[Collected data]
=== Begin Enclosure ===
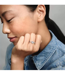 Anillo Corazón en Relieve, en plata de primera ley, el engaste elevado de la circonita cúbica, con forma de corazón, realza el llamativo brillo de la gema.
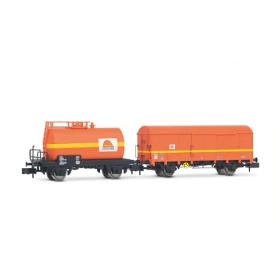 Arnold HN6679 Colas Rail, 2 unit pack axle tank wagon and G4 wagon, ep. V for adults collectors, Orange
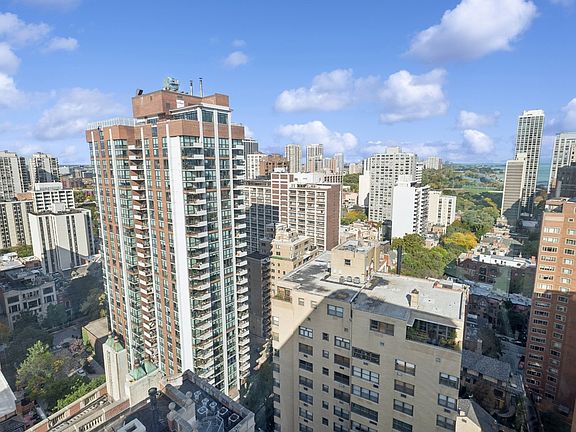 As you step into this remarkable high-rise condominium, you're immediately captivated by the breathtaking views of Chicago's picturesque lakefront, lush parks, and iconic architecture. This home boasts a beautifully remodeled kitchen featuring handcrafted cabinetry, premium stainless steel appliances, and elegant quartz countertops With floor-to-ceiling windows flooding the space with natural light, enjoy the serenity and warmth provided by insulated double-pane windows, making winters cozier. The lifestyle is effortless, offering two spacious bedrooms, a generous living area perfect for entertaining, a built-in fireplace (only on top floors of building), and an open kitchen with a convenient breakfast bar. Laundry is a breeze with the in-unit Bosch WASHER and DRYER add to the convenience. (only a few units have one) Parking is very reasonable at just $215 per month. In the summer, don't miss the chance to relax by the heated pool and enjoy the beautifully landscaped deck! Ritchie Tower is a well-maintained, intimate building with great staff; nestled on a quiet street just off Lake Shore Drive. Two small pets allowed up to 25 lbs each.
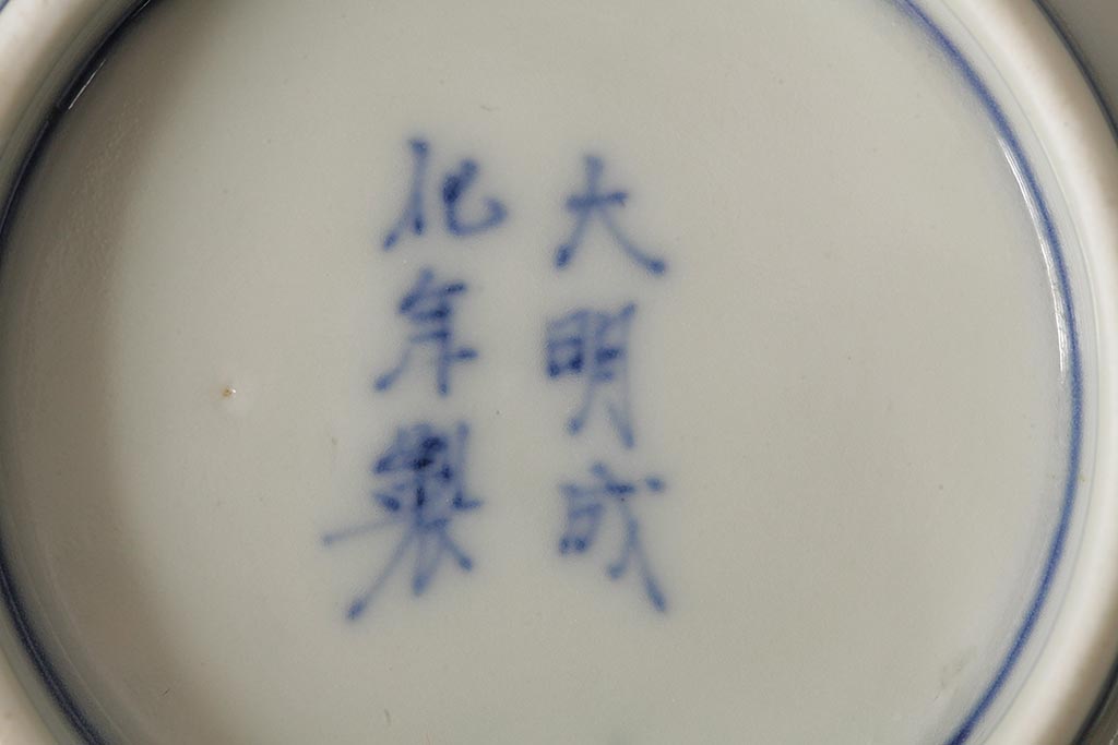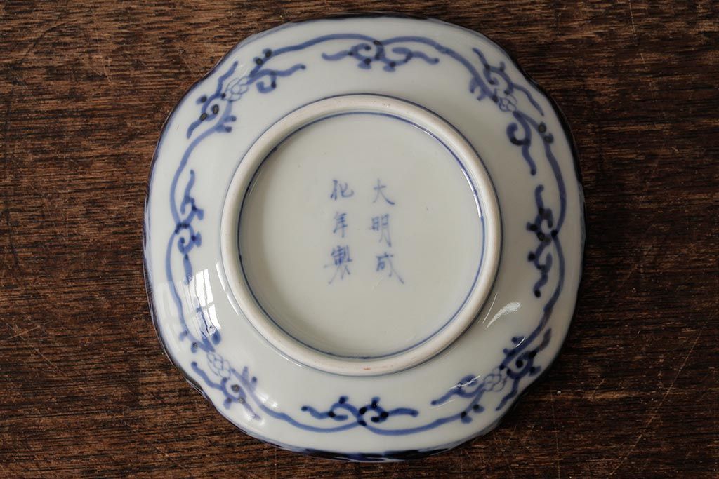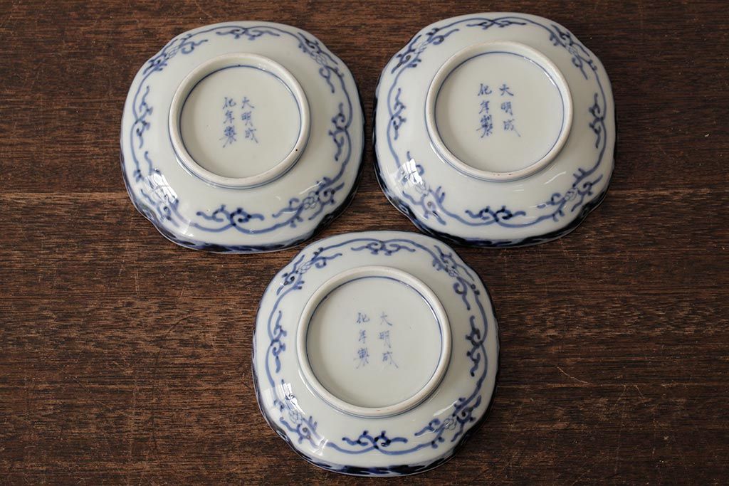 アンティーク雑貨 江戸期 古伊万里 大明成化年製 色絵染付小皿3枚セット(和食器)(R-042699)
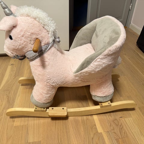 Enhjørning gyngehest selges for 400 nok. Pent brukt ingen slitasje etc.
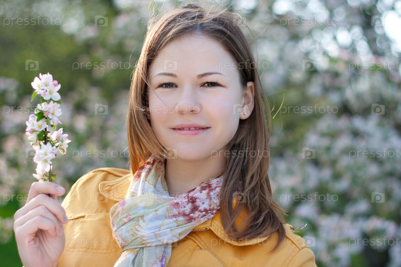 Молодая девушка с цветущей веткой в руке но фоне природы
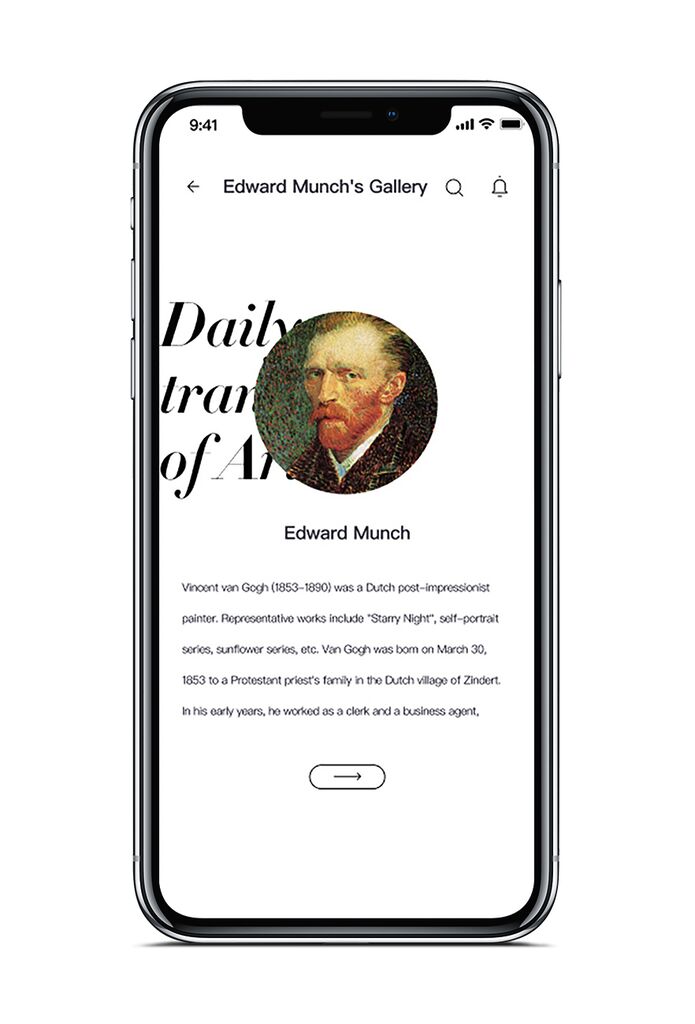 Inspired by online art galleries, this app was developed driven by the idea to make art touchable and comprehensible. Art Today organises the artworks of different painters and enables them to be experienced on mobile phones on a daily basis. Users can discover and explore their favourite works, collect them in their personal gallery and write reviews to engage in discussions around art. An easy-to-access interface improves the efficiency of artwork appreciation. AR and VR features allow users to become active participants and provide the chance to experience art immersively.
=== End Enclosure ===
§ DESCRIPTION OF THE TASK
The required output is a verbatim repetition of the lines from the opening of the entries above through the line containing "As you step", inclusive, with no pictures and nothing else.

§ FINISHED EXERCISE
 Anillo Corazón en Relieve, en plata de primera ley, el engaste elevado de la circonita cúbica, con forma de corazón, realza el llamativo brillo de la gema.
 Arnold HN6679 Colas Rail, 2 unit pack axle tank wagon and G4 wagon, ep. V for adults collectors, Orange
 As you step into this remarkable high-rise condominium, you're immediately captivated by the breathtaking views of Chicago's picturesque lakefront, lush parks, and iconic architecture. This home boasts a beautifully remodeled kitchen featuring handcrafted cabinetry, premium stainless steel appliances, and elegant quartz countertops With floor-to-ceiling windows flooding the space with natural light, enjoy the serenity and warmth provided by insulated double-pane windows, making winters cozier. The lifestyle is effortless, offering two spacious bedrooms, a generous living area perfect for entertaining, a built-in fireplace (only on top floors of building), and an open kitchen with a convenient breakfast bar. Laundry is a breeze with the in-unit Bosch WASHER and DRYER add to the convenience. (only a few units have one) Parking is very reasonable at just $215 per month. In the summer, don't miss the chance to relax by the heated pool and enjoy the beautifully landscaped deck! Ritchie Tower is a well-maintained, intimate building with great staff; nestled on a quiet street just off Lake Shore Drive. Two small pets allowed up to 25 lbs each.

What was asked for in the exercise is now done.